[Dataset excerpts]

___

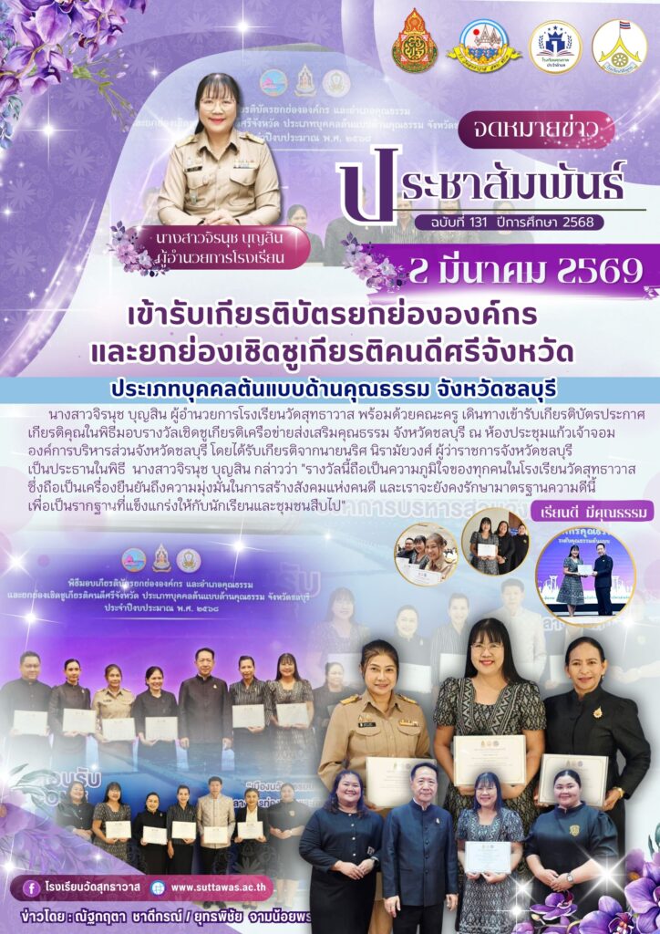 โรงเรียนวัดสุทธาวาสเข้ารับรางวัลเชิดชูเกียรติเครือข่ายส่งเสริมคุณธรรม จังหวัดชลบุรี กิจกรรมของโรงเรียน / Nataya Phosri โรงเรียนวัดสุทธาวาสเข้ารับรางวัลเชิดชูเกียรติเครือข่ายส่งเสริมคุณธรรม จังหวัดชลบุรี Read More »
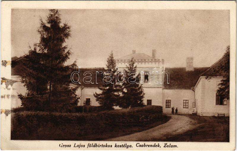 Csabrendek (1950-ig Zala vármegyéhez tartozott), Grosz Lajos földbirto... https://www.darabanth.com/de/454-Fernauktion/454.0/Ansichtskarten/Ungarn~1000005/Csabrendek-1950-ig-Zala-varmegyehez-tartozott-Grosz-Lajos-foldbirtokos-kastelya-EK~II3027242
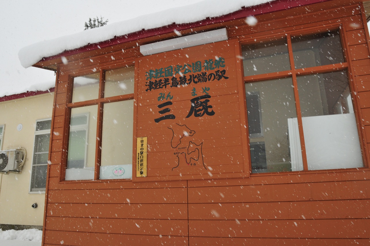 三厩には12:32に到着。30分の遅れである。折り返しは12:42なので10分しか時間がない。足早にホームに降り列車を撮影。続いて駅舎に向かい駅舎の中&外観も撮影。再びホームに戻り再び列車を撮影。蟹田から乗り通した1人旅の大学生風の兄ちゃんとお互いに写真を撮りあう。
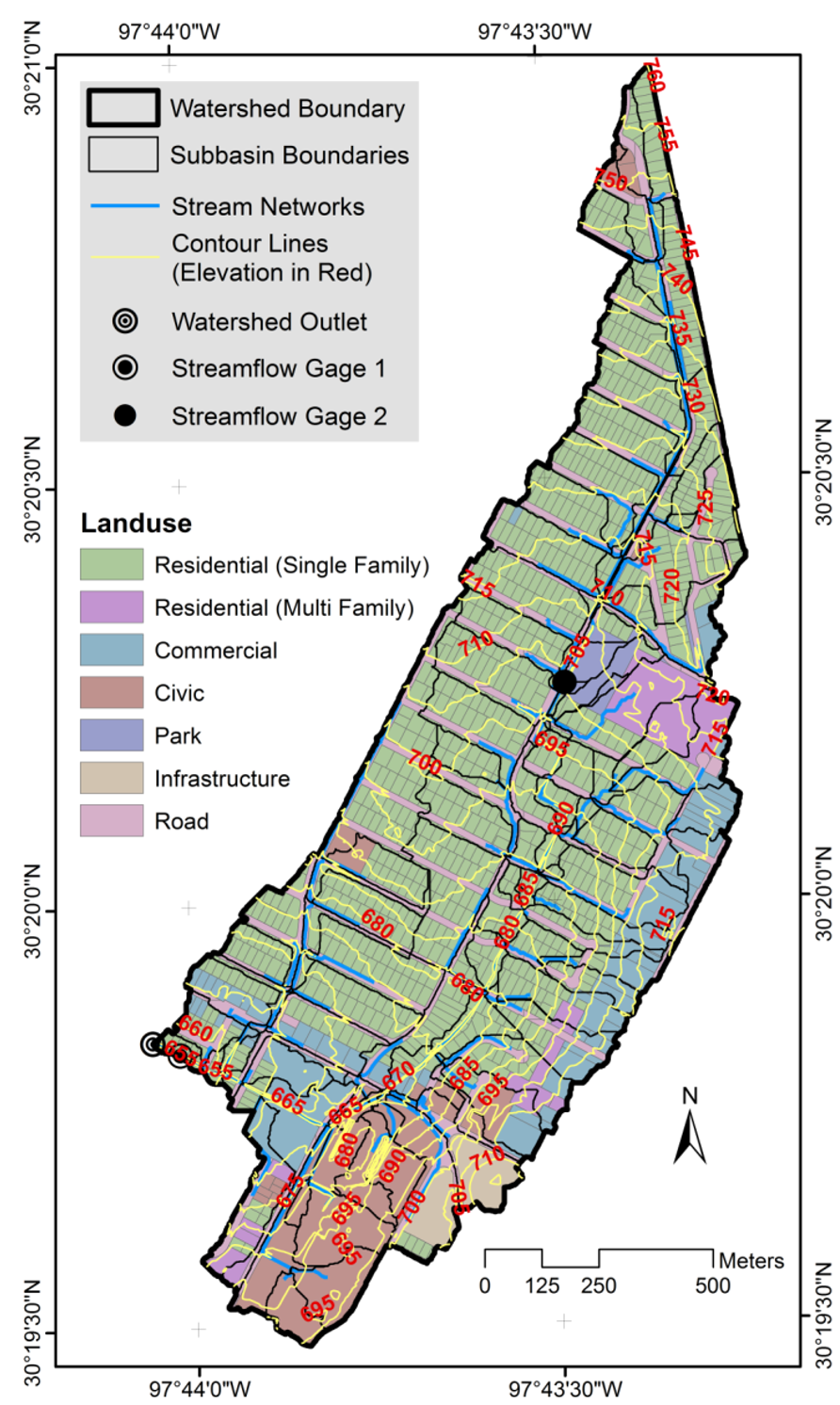 Assessing the performance of LID practices at a catchment scale is important in managing urban watersheds. Few modeling tools exist that are capable of explicitly representing the hydrological mechanisms of LIDs while considering the diverse land uses of urban watersheds. In this paper, we propose computational modules that simulate the hydrological processes of LIDs including green roof, rain garden, cistern, and porous pavement. The performance of the modules was evaluated using plot scale experimental monitoring data. The effectiveness of LIDs was investigated in a highly urbanized watershed located in Austin, TX. Results indicate that the performance of LIDs is sensitive to LID configurations, application areas, and storm event characteristics, suggesting the need for studies on spatial optimization of LIDs and critical storm events to maximize the utility of LIDs. The LID modules offer a comprehensive modeling framework that explicitly simulates the water quantity processes of the LIDs considering landscape heterogeneity.
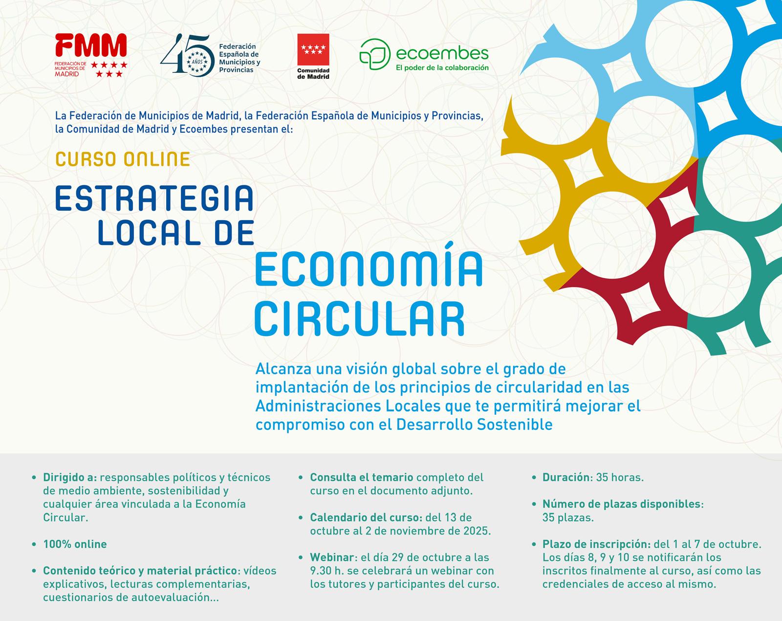 La Federación de Municipios de Madrid, en colaboración con la FEMP, la Comunidad de Madrid y Ecoembes, organiza el curso online “Estrategia Local de Economía Circular”, dirigido a responsables políticos y técnicos vinculados al medio ambiente, la sostenibilidad y cualquier área relacionada con la economía circular.
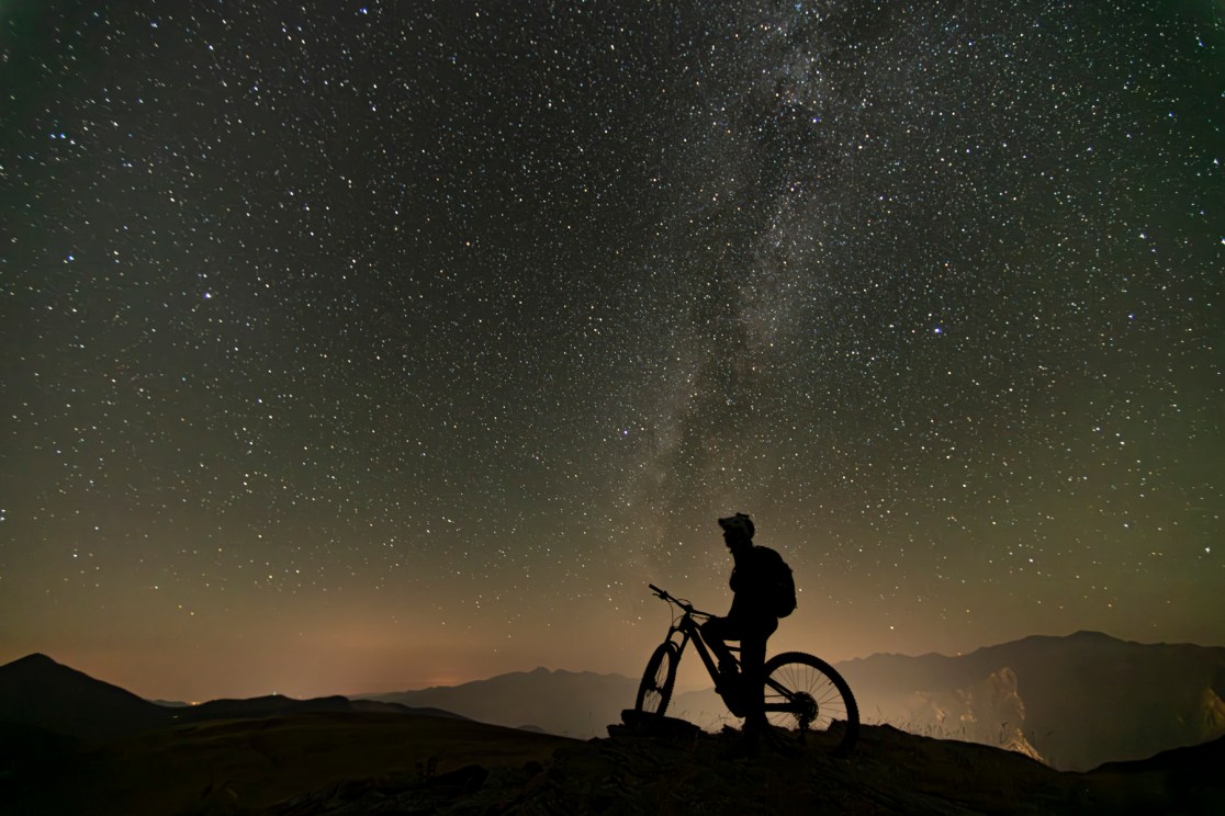 “A photo idea that has been floating around my head for years finally came to fruition in the inky darkness of Sierra Negra. Doug MacDonald of Basque MTB’s silhouette like a statue carved in stone against the Milky Way. Amidst the Pyrenees’ tallest peaks we enjoyed the stars that stretched to the horizon in all directions before welcoming the sun over the horizon.” – Pete Scullion

___

WHAT IS REQUIRED:
Would you provide an exact, picture-free copy of the data above?

TASK SOLUTION:
 โรงเรียนวัดสุทธาวาสเข้ารับรางวัลเชิดชูเกียรติเครือข่ายส่งเสริมคุณธรรม จังหวัดชลบุรี กิจกรรมของโรงเรียน / Nataya Phosri โรงเรียนวัดสุทธาวาสเข้ารับรางวัลเชิดชูเกียรติเครือข่ายส่งเสริมคุณธรรม จังหวัดชลบุรี Read More »
 Csabrendek (1950-ig Zala vármegyéhez tartozott), Grosz Lajos földbirto... https://www.darabanth.com/de/454-Fernauktion/454.0/Ansichtskarten/Ungarn~1000005/Csabrendek-1950-ig-Zala-varmegyehez-tartozott-Grosz-Lajos-foldbirtokos-kastelya-EK~II3027242
 三厩には12:32に到着。30分の遅れである。折り返しは12:42なので10分しか時間がない。足早にホームに降り列車を撮影。続いて駅舎に向かい駅舎の中&外観も撮影。再びホームに戻り再び列車を撮影。蟹田から乗り通した1人旅の大学生風の兄ちゃんとお互いに写真を撮りあう。
 Assessing the performance of LID practices at a catchment scale is important in managing urban watersheds. Few modeling tools exist that are capable of explicitly representing the hydrological mechanisms of LIDs while considering the diverse land uses of urban watersheds. In this paper, we propose computational modules that simulate the hydrological processes of LIDs including green roof, rain garden, cistern, and porous pavement. The performance of the modules was evaluated using plot scale experimental monitoring data. The effectiveness of LIDs was investigated in a highly urbanized watershed located in Austin, TX. Results indicate that the performance of LIDs is sensitive to LID configurations, application areas, and storm event characteristics, suggesting the need for studies on spatial optimization of LIDs and critical storm events to maximize the utility of LIDs. The LID modules offer a comprehensive modeling framework that explicitly simulates the water quantity processes of the LIDs considering landscape heterogeneity.
 La Federación de Municipios de Madrid, en colaboración con la FEMP, la Comunidad de Madrid y Ecoembes, organiza el curso online “Estrategia Local de Economía Circular”, dirigido a responsables políticos y técnicos vinculados al medio ambiente, la sostenibilidad y cualquier área relacionada con la economía circular.
 “A photo idea that has been floating around my head for years finally came to fruition in the inky darkness of Sierra Negra. Doug MacDonald of Basque MTB’s silhouette like a statue carved in stone against the Milky Way. Amidst the Pyrenees’ tallest peaks we enjoyed the stars that stretched to the horizon in all directions before welcoming the sun over the horizon.” – Pete Scullion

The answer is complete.